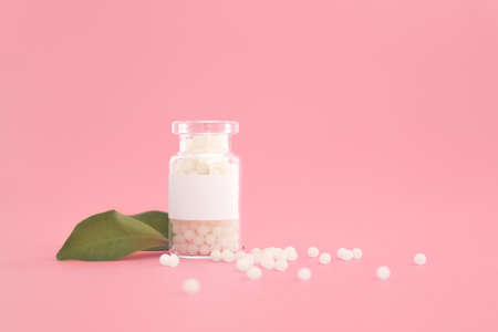 Close-up image of homeopathic globules in glass bottle on pastel pink background. Homeopathy pharmacy, herbal, natural medicine, alternative homeopathy medicine, healthcare. Free space, copy space.
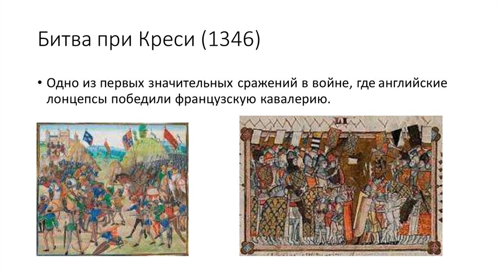 Битва при Креси (1346)• Одно из первых значительных сражений в войне, где английские
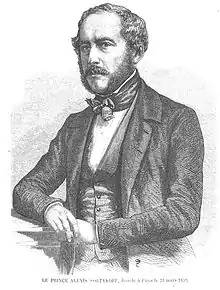 Alexis's early days are somewhat of a mystery. He grew up in St Petersburg and at the age of eighteen joined the diplomatic services with the Russian State Board (Collegium) for Foreign Affairs in Moscow. By the age of 23 he was with the Russian Foreign Service, first in Constantinople, then in Athens, later in London, Florence, Rome, and Teheran.[1] In 1840 Alexis retired and moved to Paris where he planned his voyages to India. He ended up making two voyages there (1841–43 and 1844–46), and achieving the sobriquet 'The Indian' from the Russian and French aristocracy. In 1849 he published a selection of his letters in French accompanied by his drawings, which became very well known in Europe "Lettres sur L’Inde". Paris, 1848).[2] In 1851 the book was translated into Russian and became an instant success: it truly enraptured the Russian reading public.[3] The drawings were published separately in London in 1859 as "Drawings on the Spot".
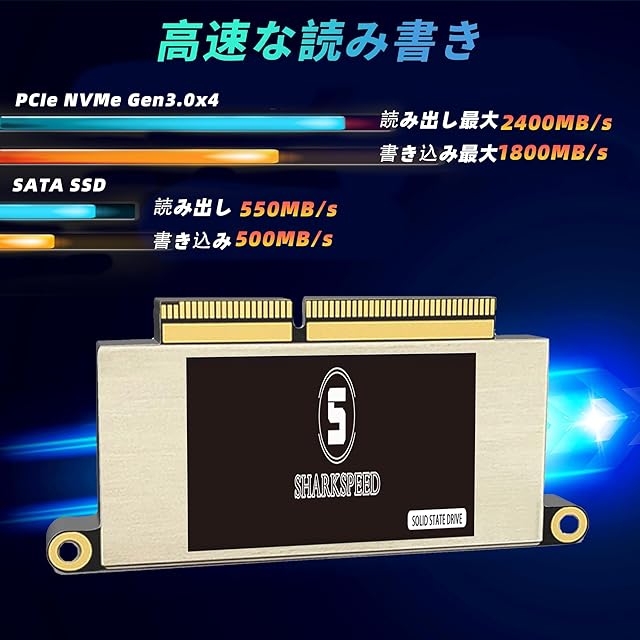 【5年】S SHARKSPEEDのSSDは業界トップクラスの信頼性を誇り、徹底的な品質検査と信頼性テストを経て、優れた品質と性能を持ち、5年間のと無料の技術サポートを提供しています。何かご問題がございましたら、取扱説明書をダウンロードしてください、いつでもお気軽にお問い合わせください。パッケージ内容:MacBook専用A1708 SSD*1、ドライバー*2、取り付けガイド*1。
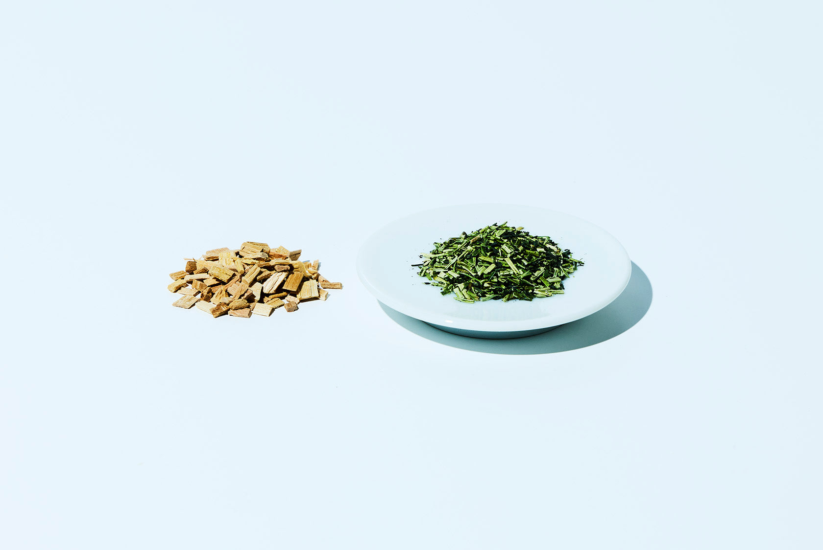 まろやかなコクのかぶせ茎茶に、ほんのり甘さ香るサクラの燻製香を纏わせました。かぶせ茶とは、摘みとり前に日光を遮って育てることで、豊かな旨みを蓄えたお茶のこと。そのかぶせ茶の茎の部分だけを使いました。まったりとした旨みと共に、サクラの香りが吹き抜けていきます。
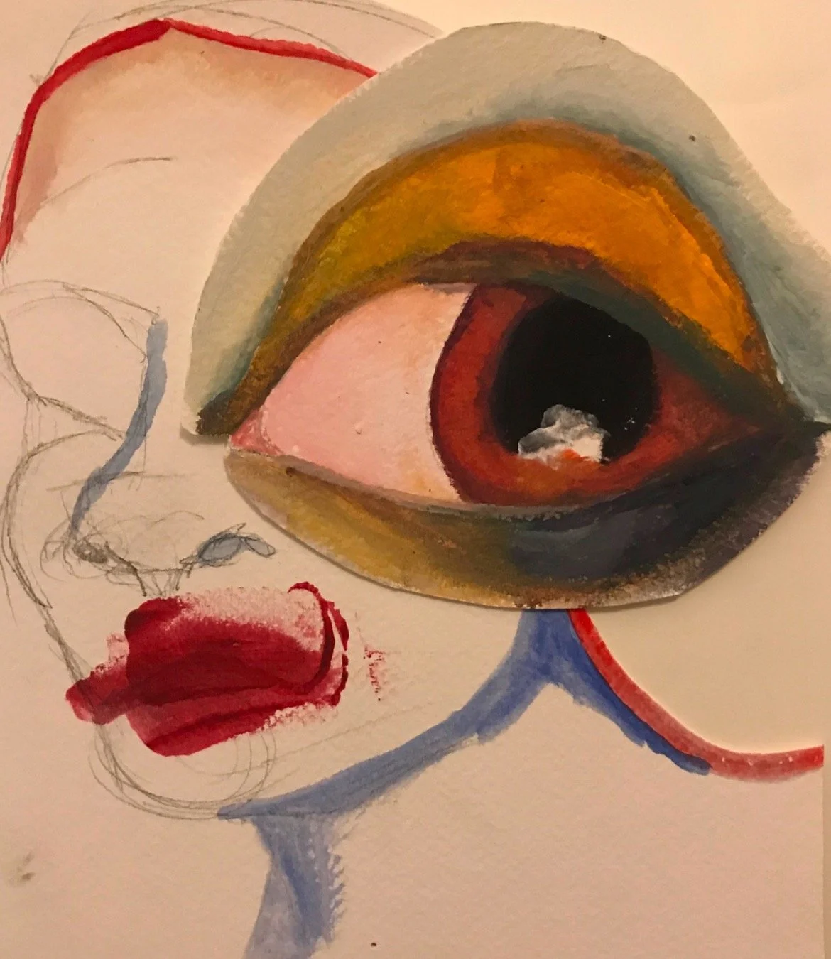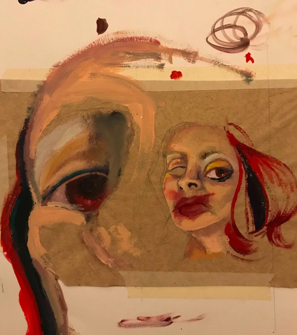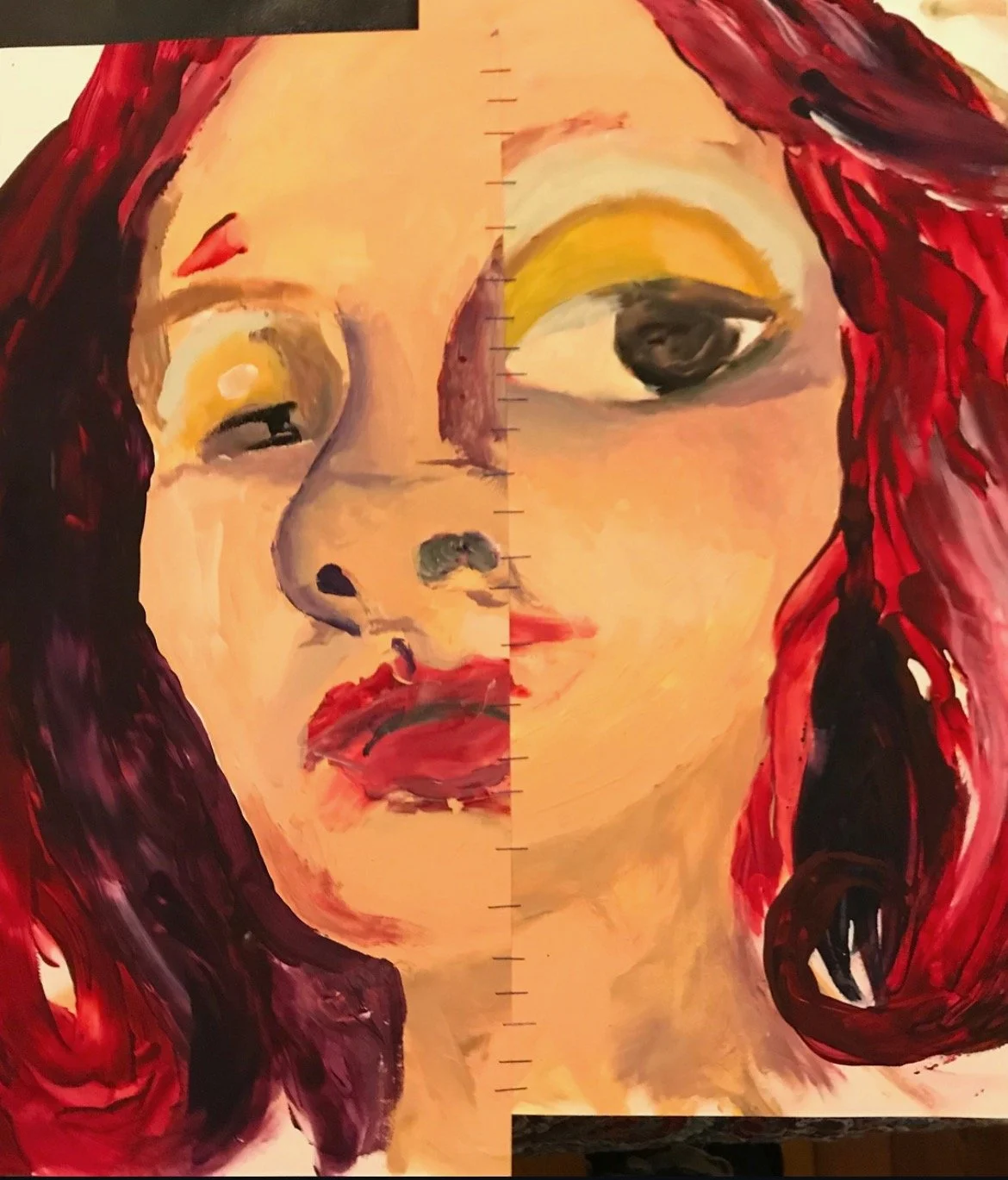 A striking portrait blending realism with abstraction, featuring a figure bathed in intense red light against a textured blue-green backdrop. Their upward gaze suggests contemplation or longing, while bold, expressive brushstrokes in the hair add movement and contrast. The unfinished edges and playful smiley face add a raw, spontaneous energy, balancing depth with a touch of whimsy.
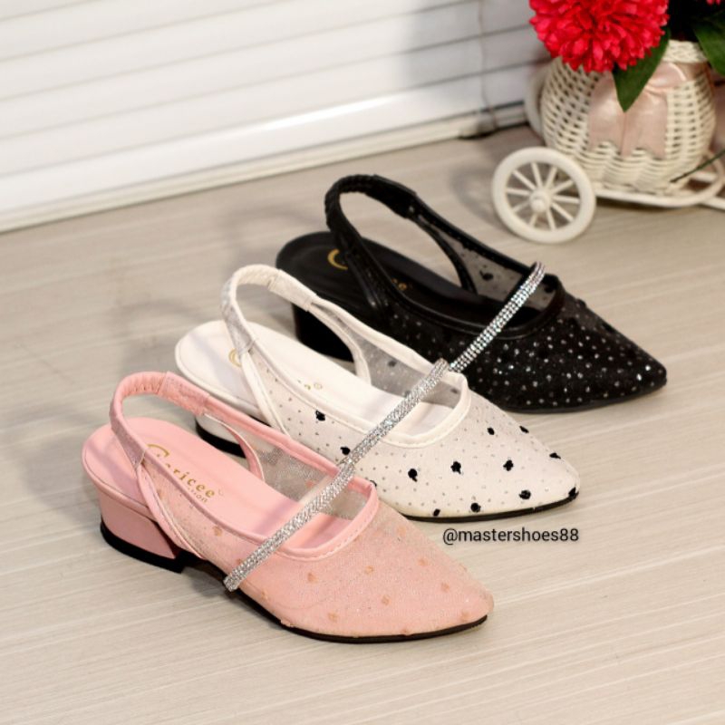 MASTER CA11 - [NEW COLLECTION] Sandal pesta anak perempuan brukat permata terbaru hak tahu 3 cm/sendal selop termurah
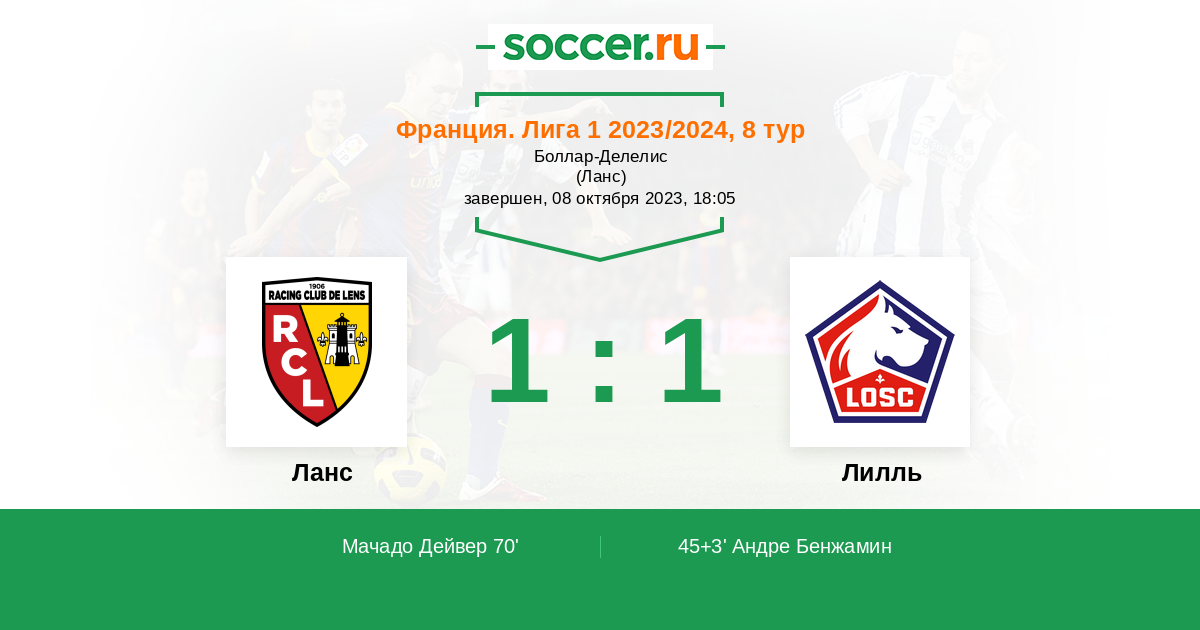 Франция. Лига 1 04.03.2023 Ланс Логотип футбольный клуб Ланс 1:1 Логотип футбольный клуб Лилль Лилль
-------------------------
Exercise instructions:
Your answer must be the lines from the one containing "まろやかなコクのかぶせ茎茶に" through the last line of the listing above, restated word for word, with no pictures.

Exercise response:
 まろやかなコクのかぶせ茎茶に、ほんのり甘さ香るサクラの燻製香を纏わせました。かぶせ茶とは、摘みとり前に日光を遮って育てることで、豊かな旨みを蓄えたお茶のこと。そのかぶせ茶の茎の部分だけを使いました。まったりとした旨みと共に、サクラの香りが吹き抜けていきます。
 A striking portrait blending realism with abstraction, featuring a figure bathed in intense red light against a textured blue-green backdrop. Their upward gaze suggests contemplation or longing, while bold, expressive brushstrokes in the hair add movement and contrast. The unfinished edges and playful smiley face add a raw, spontaneous energy, balancing depth with a touch of whimsy.
 MASTER CA11 - [NEW COLLECTION] Sandal pesta anak perempuan brukat permata terbaru hak tahu 3 cm/sendal selop termurah
 Франция. Лига 1 04.03.2023 Ланс Логотип футбольный клуб Ланс 1:1 Логотип футбольный клуб Лилль Лилль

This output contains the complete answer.